Para pejabat PBB mengatakan hingga Rabu (30/08), jumlah warga Rohingya yang telah melewati perbatasan dan masuk ke Bangladesh lebih dari 18.000 orang, di antaranya adalah perempuan muda bernama Noor Begum.
“Jika kami kembali ke desa kami (di Rakhine), kami pasti akan dibunuh oleh tentara. Jangan paksa kami kembali ke sana,” kata Begum dengan berurai air mata kepada BBC di perbatasan Bangladesh-Myanmar.
“Lebih baik kami mati di sini, kami tak mau pulang,” katanya.
Gelombang pengungsian terbaru dipicu oleh serangan mematikan terhadap pos-pos keamanan di Rakhine oleh milisi Rohingya yang dibalas dengan operasi keamanan oleh militer Myanmar.
‘Trauma yang mendalam’
Wartawan AFP yang mengunjungi desa-desa yang dilanda konflik mengatakan asap rumah-rumah yang dibakar terlihat membumbung ke angkasa. Ia mengatakan kekerasan yang tak menunjukkan tanda-tanda mereda.
Setidaknya 110 orang tewas, 11 di antaranya pejabat negara bagian, sementara ribuan warga sipil mengungsi ke Bangladesh.
Organisasi Migrasi Internasional (IOM) mencatat jumlah warga Rohingya yang mengungsi mencapai sedikitnya 18.445 orang.
“Kondisi mereka mengenaskan. Mereka sangat membutuhkan makanan, layanan kesehatan, dan tempat penampungan,” kata Sanjukta Sahany, pejabat IOM di Cox’s Bazar, di perbatasan Bangladesh-Myanmar.
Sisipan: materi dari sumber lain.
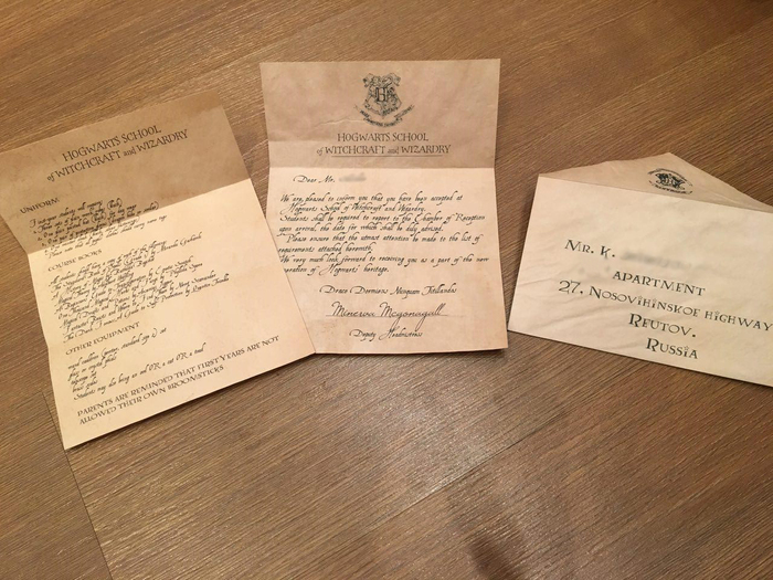 И вот, нам попался в "жертву" пикабушник Ш. Кирилл Игоревич, большой и бородатый, который играет в баскетбол, немного на гитаре и любит музыку. Это всё, что было известно о нём, хотя тем и интереснее ведь :) Мы взяли по чуть-чуть из того, что интересно нам и совместили это с его интересами. Так как Новый Год - это не просто праздник, а праздник волшебства и сюрпризов, то что может быть более волшебно, чем атрибут из волшебного мира Гарри Поттера - письмо из Хогвартса?! Получить такое письмо пусть и не в одиннадцать лет, но всё же приятно!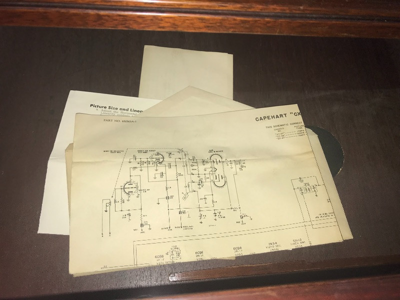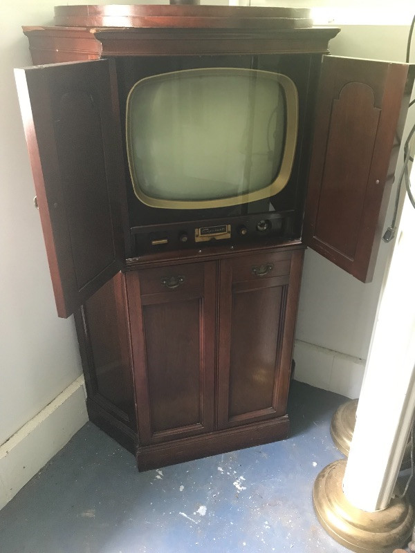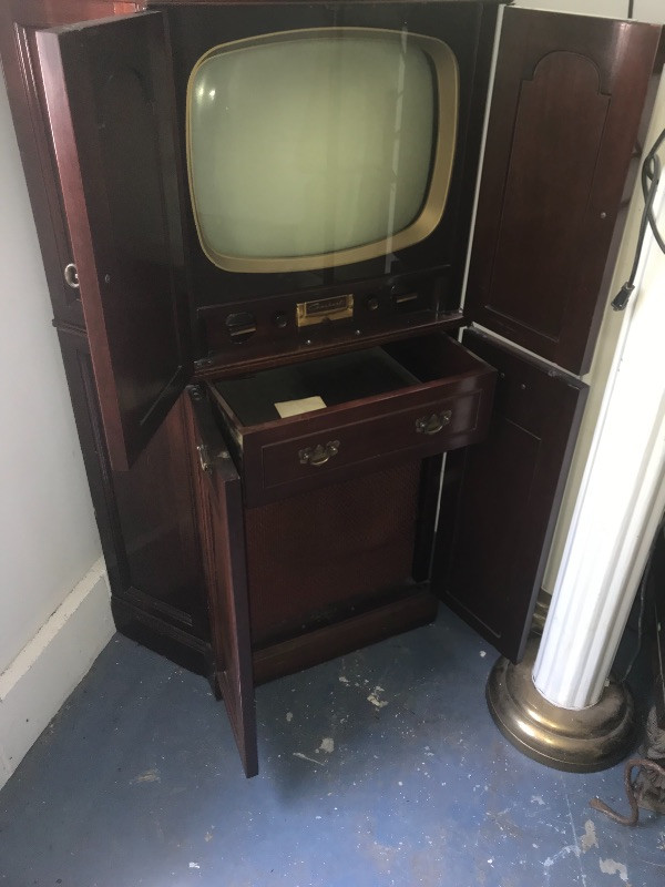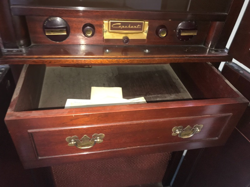 This is a vintage Capehart television with its cabinet. There is a drawer and a cabinet underneath. There is a manual or instructions with the Capehart. There is a piece missing on the top back right corner. The television does not work. This is a beautiful vintage piece.
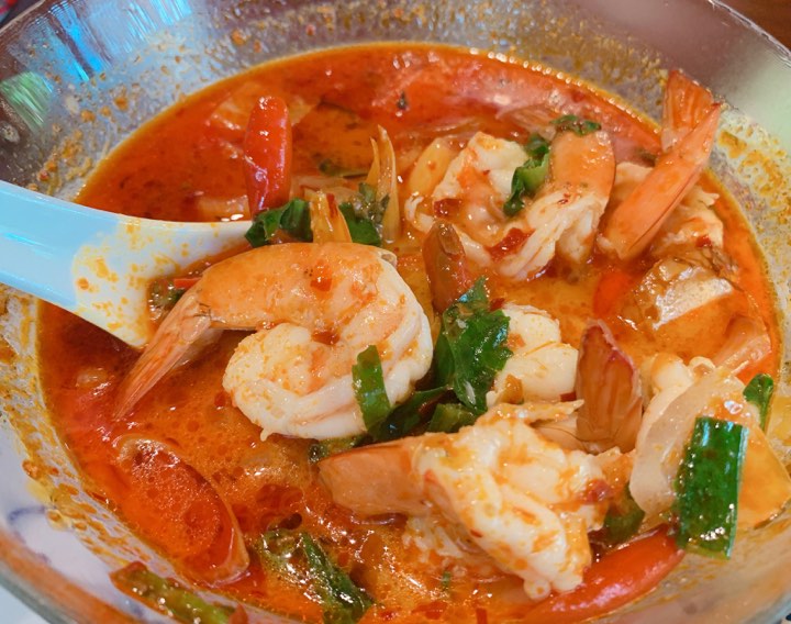 4.ต้มยำกุ้งน้ำข้น (ถ้าใครชอบเปรี้ยวเค้าก็มีมะนาวมาให้เพิ่มอีก1ซีก บีบเติมเองได้เลยค่ะ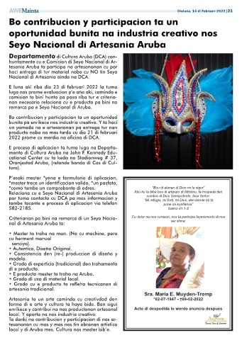 Artesania ta un arte caminda cu creativdad den *02-07-1947 - †09-02-2022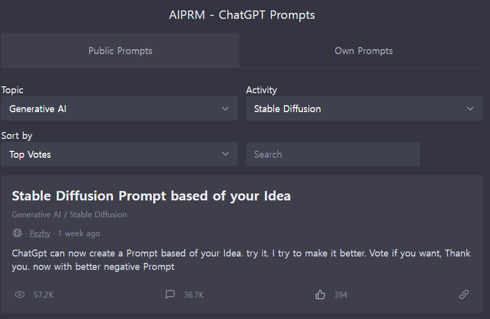 Here's a post about AIPRM for chatGPT : 2023.02.08 - [[TIP] Stable Diffusion] - AIPRM for chatGPT로 Prompt 추출하기

Ia mengatakan banyak warga Rohingya ini ‘yang mengalami luka, baik akibat tembakan senjata api maupun karena luka bakar’.
Di Myanmar, warga Rohingya tidak diakui, tak diberi status warga negara, dan dianggap sebagai imigran gelap, meski mereka mengklaim bahwa akar budaya mereka sudah ada di Myanmar sejak berabad-abad silam.
Kekerasan dalam beberapa hari ini menandai eskalasi dramatis sejak Oktober lalu ketika milisi Rohingya melakukan serangan dengan skala yang lebih kecil.
Ketika itu serangan ini juga dibalas dengan operasi militer, yang dikatakan PBB sebagai kejahatan terhadap kemanusiaan.